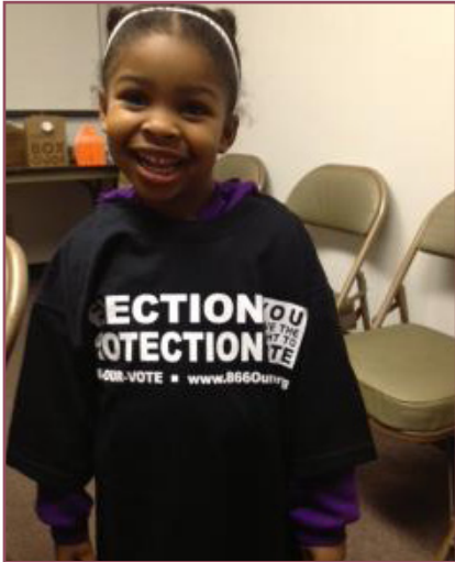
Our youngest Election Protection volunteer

--

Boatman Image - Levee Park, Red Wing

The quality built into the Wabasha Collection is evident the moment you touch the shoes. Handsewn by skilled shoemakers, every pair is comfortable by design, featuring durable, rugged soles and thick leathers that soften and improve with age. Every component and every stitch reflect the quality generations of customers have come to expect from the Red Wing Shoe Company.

**What is required**
Precisely the lines between those holding "Boatman Image - Levee Park, Red Wing" and "The quality built", inclusive, are to be reproduced from the listing above, with nothing added.

**Solution to this problem**
Boatman Image - Levee Park, Red Wing

The quality built into the Wabasha Collection is evident the moment you touch the shoes. Handsewn by skilled shoemakers, every pair is comfortable by design, featuring durable, rugged soles and thick leathers that soften and improve with age. Every component and every stitch reflect the quality generations of customers have come to expect from the Red Wing Shoe Company.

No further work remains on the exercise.